Semiconductor and large area substrate processing systems generally include a process chamber having a pedestal for supporting a substrate, such as a semiconductor substrate, within the chamber proximate a processing zone. The chamber forms a vacuum enclosure defining, in part, the processing zone for performing certain processes upon the substrate. These processes may include deposition processes, such as chemical vapor deposition (CVD), to deposit a material on the substrate or an etch reaction to remove material from the substrate.
Most CVD processes require multiple process gases to be combined and form a gaseous mixture in a mixing device. The gaseous mixture may be delivered directly to the processing zone above the substrate within the CVD chamber, or may travel through one or more conduits and channels within a showerhead or gas distribution assembly near an upper portion of the CVD chamber. The showerhead or gas distribution assembly generally includes a face plate having a plurality of holes or channels such that the gaseous mixture is evenly introduced into the processing zone and uniformly distributed across the whole surface of the substrate.
Heating of the process gases as they enter into the processing zone may be necessary in controlling the reactivity of the gases and thus the property of the thin film deposited on the surface of the substrate. As the gaseous mixture is infused with thermal energy, a thermal decomposition reaction occurs between the process gases, resulting in a chemical vapor deposition reaction on the surface of the substrate. In addition, cooling of the process gases can be helpful in controlling unwanted reactions prior to release into the processing zone as the process gases refrain from reacting until they come into contact with a heated substrate.

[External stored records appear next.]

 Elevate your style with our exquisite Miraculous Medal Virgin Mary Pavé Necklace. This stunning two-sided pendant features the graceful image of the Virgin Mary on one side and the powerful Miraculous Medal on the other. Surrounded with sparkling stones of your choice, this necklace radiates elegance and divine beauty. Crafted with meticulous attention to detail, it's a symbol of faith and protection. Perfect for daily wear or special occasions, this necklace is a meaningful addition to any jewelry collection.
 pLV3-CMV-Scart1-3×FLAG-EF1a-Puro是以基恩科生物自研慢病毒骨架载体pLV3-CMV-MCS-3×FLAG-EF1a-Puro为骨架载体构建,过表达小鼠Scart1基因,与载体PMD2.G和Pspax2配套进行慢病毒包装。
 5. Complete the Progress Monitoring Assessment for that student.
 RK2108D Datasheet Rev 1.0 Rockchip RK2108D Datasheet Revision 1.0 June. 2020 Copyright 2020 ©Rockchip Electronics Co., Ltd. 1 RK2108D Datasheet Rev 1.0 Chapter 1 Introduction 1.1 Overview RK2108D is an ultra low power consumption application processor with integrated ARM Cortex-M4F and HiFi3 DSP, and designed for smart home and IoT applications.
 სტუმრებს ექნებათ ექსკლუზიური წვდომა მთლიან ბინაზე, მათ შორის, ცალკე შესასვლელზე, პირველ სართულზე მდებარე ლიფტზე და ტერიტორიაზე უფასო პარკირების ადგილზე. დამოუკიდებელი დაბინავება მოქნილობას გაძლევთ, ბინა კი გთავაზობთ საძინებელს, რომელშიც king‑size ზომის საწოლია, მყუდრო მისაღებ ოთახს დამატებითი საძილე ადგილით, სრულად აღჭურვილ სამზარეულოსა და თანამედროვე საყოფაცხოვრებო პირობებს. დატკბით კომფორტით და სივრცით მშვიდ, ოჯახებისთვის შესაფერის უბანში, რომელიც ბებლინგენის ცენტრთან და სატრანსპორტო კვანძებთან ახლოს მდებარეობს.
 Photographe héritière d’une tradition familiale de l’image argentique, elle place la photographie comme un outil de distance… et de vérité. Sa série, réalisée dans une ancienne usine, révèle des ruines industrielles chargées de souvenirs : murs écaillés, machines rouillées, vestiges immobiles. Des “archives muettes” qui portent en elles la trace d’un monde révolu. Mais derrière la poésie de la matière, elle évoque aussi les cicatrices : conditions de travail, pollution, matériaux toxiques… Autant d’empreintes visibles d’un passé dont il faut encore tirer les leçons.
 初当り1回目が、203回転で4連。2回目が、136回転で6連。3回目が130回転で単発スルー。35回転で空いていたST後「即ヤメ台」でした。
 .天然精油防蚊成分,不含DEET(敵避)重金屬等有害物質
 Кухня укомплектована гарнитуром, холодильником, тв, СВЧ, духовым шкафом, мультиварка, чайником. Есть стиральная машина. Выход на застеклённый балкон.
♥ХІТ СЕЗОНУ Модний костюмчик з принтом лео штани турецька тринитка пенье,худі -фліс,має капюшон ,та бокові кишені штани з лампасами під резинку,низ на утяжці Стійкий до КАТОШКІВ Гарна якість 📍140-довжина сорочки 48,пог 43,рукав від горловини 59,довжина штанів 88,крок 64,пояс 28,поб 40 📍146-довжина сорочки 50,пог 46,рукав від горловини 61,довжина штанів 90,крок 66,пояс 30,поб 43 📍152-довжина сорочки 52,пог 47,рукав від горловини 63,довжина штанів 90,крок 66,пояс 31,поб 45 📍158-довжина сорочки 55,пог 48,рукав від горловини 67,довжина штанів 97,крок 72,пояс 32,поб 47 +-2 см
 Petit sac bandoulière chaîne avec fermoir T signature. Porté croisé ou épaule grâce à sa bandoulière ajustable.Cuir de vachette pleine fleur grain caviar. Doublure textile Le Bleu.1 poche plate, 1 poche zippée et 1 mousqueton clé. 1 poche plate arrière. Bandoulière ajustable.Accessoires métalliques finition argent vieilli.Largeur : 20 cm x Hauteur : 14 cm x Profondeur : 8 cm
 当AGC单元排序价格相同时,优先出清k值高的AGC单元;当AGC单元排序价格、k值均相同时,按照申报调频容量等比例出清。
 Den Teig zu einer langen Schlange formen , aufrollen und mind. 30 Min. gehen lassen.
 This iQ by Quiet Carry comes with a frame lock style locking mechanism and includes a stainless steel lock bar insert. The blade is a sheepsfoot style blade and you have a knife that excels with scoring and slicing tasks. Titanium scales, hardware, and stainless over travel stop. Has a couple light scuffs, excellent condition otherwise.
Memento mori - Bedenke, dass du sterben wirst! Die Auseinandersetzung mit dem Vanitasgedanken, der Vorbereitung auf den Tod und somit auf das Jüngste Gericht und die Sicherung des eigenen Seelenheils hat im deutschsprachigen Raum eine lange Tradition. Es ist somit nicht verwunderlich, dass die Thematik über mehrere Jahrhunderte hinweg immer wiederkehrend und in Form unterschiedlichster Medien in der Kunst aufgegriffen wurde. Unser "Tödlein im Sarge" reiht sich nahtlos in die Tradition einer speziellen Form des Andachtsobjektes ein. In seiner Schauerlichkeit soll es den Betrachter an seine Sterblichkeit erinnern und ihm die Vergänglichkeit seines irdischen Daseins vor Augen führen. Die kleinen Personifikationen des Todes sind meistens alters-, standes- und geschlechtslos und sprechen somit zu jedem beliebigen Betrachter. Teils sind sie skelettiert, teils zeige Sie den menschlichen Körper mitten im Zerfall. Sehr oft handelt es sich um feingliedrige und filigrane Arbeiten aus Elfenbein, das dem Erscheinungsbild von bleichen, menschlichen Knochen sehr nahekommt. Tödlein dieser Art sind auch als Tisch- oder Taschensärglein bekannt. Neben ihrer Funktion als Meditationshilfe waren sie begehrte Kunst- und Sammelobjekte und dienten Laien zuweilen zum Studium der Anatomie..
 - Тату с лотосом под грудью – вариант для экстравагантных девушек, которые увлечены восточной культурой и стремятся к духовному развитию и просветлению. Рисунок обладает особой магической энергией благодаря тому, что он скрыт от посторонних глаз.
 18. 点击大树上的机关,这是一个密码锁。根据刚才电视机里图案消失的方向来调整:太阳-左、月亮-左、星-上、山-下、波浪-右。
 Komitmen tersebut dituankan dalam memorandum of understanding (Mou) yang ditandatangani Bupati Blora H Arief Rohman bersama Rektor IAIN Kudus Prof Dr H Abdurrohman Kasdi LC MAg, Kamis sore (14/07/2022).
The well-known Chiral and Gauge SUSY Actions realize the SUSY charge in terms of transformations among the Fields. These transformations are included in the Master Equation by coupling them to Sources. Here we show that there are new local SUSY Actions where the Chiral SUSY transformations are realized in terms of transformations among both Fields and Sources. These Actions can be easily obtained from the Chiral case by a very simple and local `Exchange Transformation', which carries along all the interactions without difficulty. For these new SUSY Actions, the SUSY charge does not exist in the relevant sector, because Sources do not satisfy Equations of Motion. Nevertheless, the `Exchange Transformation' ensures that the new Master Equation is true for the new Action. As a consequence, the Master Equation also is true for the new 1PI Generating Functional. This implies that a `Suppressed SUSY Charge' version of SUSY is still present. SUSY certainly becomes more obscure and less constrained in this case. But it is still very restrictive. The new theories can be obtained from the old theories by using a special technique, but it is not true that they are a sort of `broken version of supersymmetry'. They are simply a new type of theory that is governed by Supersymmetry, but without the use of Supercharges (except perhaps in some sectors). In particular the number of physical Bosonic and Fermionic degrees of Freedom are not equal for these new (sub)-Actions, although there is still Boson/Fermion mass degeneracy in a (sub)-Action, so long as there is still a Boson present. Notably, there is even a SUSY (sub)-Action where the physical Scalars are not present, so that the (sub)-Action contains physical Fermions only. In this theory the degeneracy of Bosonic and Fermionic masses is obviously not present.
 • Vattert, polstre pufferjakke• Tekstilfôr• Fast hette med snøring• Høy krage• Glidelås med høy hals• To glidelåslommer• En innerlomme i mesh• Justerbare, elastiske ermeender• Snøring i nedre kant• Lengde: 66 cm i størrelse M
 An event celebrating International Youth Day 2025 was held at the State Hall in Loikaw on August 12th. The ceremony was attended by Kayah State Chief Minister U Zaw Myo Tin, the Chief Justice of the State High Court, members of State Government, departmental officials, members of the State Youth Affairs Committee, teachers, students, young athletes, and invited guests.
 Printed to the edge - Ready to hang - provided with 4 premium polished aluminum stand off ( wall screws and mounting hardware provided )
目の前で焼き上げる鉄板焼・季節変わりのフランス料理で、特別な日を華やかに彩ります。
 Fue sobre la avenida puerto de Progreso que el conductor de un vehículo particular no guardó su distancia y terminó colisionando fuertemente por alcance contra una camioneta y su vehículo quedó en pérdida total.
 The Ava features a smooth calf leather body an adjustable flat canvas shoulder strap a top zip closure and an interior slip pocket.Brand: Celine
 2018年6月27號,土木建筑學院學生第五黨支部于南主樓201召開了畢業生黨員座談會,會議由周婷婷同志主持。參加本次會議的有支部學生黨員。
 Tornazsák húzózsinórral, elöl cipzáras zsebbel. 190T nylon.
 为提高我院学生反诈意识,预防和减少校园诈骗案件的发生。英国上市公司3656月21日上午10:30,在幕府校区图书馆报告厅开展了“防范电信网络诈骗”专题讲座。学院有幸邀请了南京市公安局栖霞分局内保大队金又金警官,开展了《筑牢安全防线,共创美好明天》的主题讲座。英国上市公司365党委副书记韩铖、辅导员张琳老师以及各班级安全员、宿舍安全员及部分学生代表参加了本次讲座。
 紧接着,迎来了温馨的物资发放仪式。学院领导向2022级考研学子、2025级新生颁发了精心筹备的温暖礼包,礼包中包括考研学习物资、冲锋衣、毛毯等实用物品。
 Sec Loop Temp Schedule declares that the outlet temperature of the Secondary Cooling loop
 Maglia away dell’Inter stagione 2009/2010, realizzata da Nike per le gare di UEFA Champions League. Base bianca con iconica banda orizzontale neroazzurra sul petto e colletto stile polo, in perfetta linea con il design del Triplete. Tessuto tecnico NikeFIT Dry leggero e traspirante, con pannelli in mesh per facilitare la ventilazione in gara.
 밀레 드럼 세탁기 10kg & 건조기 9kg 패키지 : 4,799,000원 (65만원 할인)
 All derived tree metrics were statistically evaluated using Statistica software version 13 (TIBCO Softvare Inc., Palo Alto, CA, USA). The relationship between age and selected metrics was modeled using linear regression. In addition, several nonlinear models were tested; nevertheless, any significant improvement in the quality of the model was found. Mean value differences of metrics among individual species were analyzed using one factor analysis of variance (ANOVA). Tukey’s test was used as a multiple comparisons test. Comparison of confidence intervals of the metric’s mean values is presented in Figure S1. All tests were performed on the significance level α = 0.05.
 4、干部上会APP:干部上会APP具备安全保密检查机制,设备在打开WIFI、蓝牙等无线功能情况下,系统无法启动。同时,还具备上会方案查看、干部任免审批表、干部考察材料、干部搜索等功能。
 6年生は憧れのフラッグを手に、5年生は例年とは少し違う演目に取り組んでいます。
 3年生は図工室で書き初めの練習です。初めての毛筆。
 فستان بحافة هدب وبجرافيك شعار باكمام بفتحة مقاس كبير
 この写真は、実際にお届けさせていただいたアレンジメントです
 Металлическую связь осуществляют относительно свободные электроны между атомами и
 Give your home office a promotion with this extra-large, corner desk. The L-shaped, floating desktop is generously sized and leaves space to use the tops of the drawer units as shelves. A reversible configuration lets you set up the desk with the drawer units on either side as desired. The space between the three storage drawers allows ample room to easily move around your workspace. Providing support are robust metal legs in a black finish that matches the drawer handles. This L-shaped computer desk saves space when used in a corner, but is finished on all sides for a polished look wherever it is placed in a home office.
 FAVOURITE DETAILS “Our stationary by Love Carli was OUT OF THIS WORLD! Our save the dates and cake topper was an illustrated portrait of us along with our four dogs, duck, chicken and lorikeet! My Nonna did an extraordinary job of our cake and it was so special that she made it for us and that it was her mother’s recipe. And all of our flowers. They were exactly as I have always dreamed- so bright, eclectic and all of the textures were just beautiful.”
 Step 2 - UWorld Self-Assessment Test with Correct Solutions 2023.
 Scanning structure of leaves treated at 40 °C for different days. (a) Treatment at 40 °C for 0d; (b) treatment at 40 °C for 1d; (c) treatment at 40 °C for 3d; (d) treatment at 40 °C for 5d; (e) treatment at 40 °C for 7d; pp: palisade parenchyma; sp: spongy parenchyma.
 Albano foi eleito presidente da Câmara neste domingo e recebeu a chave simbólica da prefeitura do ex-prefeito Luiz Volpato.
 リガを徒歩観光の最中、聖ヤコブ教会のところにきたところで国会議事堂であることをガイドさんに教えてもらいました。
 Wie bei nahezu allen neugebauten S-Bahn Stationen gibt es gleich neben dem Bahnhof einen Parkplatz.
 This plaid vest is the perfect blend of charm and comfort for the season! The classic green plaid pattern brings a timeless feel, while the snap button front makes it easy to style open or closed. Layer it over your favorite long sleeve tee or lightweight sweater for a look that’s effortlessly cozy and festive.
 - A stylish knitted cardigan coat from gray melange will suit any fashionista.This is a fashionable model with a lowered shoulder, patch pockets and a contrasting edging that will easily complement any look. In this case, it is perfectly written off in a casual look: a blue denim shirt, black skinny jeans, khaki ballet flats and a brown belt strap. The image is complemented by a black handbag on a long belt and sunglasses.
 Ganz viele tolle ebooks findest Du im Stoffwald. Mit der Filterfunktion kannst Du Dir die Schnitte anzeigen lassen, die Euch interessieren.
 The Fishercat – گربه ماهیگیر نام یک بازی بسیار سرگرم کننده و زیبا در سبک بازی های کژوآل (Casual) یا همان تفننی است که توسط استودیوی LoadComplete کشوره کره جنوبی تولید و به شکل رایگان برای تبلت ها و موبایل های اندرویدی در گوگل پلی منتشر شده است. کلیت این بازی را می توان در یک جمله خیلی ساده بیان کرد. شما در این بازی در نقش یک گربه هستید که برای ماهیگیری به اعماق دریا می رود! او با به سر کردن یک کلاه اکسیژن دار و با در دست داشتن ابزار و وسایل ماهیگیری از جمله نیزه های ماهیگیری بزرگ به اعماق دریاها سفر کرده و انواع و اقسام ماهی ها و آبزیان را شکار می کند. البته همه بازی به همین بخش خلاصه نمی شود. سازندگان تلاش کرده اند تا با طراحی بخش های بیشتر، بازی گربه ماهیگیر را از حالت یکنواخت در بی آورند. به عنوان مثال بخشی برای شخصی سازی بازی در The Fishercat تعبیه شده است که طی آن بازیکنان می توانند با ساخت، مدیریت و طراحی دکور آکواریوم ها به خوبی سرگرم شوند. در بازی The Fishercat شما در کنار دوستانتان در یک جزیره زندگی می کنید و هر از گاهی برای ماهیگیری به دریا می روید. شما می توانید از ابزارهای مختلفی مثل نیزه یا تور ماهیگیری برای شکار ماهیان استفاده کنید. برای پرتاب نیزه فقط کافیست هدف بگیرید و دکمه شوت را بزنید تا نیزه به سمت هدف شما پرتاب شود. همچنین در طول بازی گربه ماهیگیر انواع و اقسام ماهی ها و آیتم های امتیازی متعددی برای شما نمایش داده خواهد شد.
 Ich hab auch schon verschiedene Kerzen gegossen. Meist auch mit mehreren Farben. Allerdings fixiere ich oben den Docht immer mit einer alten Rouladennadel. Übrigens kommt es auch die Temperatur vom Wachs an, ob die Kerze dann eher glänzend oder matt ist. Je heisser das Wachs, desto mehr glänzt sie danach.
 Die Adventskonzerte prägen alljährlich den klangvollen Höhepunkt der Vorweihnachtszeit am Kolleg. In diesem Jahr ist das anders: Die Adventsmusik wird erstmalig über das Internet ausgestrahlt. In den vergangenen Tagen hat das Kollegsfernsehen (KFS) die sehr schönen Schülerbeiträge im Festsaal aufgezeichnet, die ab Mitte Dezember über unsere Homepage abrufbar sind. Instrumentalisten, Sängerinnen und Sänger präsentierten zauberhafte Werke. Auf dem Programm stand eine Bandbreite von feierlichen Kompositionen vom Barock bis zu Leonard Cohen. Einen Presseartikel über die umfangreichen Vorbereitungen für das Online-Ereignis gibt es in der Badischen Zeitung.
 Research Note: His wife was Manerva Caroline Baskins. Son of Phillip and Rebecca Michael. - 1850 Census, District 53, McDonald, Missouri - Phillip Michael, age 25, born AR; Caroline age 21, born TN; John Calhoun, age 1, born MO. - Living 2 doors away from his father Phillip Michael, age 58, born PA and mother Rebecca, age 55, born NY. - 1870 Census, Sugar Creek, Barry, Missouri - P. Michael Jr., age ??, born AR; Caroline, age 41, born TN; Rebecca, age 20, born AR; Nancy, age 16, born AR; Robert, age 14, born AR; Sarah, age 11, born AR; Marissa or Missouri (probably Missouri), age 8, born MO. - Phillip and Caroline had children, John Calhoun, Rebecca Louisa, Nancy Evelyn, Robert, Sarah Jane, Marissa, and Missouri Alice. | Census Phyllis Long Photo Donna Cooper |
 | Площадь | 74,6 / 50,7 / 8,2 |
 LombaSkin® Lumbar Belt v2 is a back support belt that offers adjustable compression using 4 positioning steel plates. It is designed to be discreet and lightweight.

In general, one or more fluids and process gases are heated in a thermal CVD process and/or energized into plasma in a plasma enhanced chemical vapor deposition (PECVD) process prior to being delivered above the substrate. A plasma enhanced deposition process or a very high thermal deposition temperature (e.g., more than 800° C. or higher than 1100° C.) is generally used to deposit thin film on the substrate and helps to prevent and remove impurities (e.g., amorphous carbon contaminants) in the deposited thin films. In addition, purging or cleaning with a heated gas may help remove contaminants from a processing chamber.
However, damage to existing structures on the surface of a patterned substrate arise very often when plasma or high deposition temperature is used. In addition, PECVD processes suffer from various undesirable limitations, such as: low process gas utilization (for example, about 3% to 20%); poor uniformity of the thin films deposited on the substrate surface; introduction of defects induced by plasma in the deposited films or in the substrates themselves; static deposition due to electrical grounding requirement; difficulty in scaling-up because of RF requirements; high system cost; low deposition rate (for example, approximately 0.5 nm/s for silicon); and the need to clean deposition chambers using NF3 (a greenhouse gas). Thus, there is a need for an improved CVD processing tool to be used at a lower processing temperature and without the use of plasma.
Hot-wire chemical vapor deposition (HWCVD) processes are potentially suitable for silicon thin film deposition. In a HWCVD process, thermal decomposition of the process gases is facilitated by having one or more wires, or filaments supported in a CVD process chamber such that the need for forming plasma or the need to use high processing temperatures as seen in a thermal CVD process is eliminated. The wires or filaments inside a HWCVD process chamber are generally heated to a desired temperature by passing electrical current through the filaments and thus causing the generation of radicals from process gases within the HWCVD process chamber.
However, there are no robust manufacturing tools suitable to realize the full potential of a HWCVD thin film deposition process. Substrate processing by a HWCVD process was not widely used than conventional thermal or plasma enhanced CVD process. The problems are associated with reaction of some excited process gases with the metal wires and thus metal contamination from the hot wire source (metal filaments) and film impurities on the substrate surface, constant chamber cleaning, and constant breakdown and repair of the hot wire source. As uniformity of the thin films deposited on the surface of the substrate is controlled by the flows and the thermal decomposition reaction of the process gases, separation of the process gases prior to reaching the hot wires and/or prior to reaching processing zone above the surface of the substrate is needed.
Thus, the inventors believe that there is a need for a showerhead design of a HWCVD chamber which allows for excitation of a portion of the process gas mixture through hot wires in a low temperature HWCVD thin film deposition process in the absence of plasma and separated deliveries of various process gases without co-mingling of the gases prior to reaching the processing zone.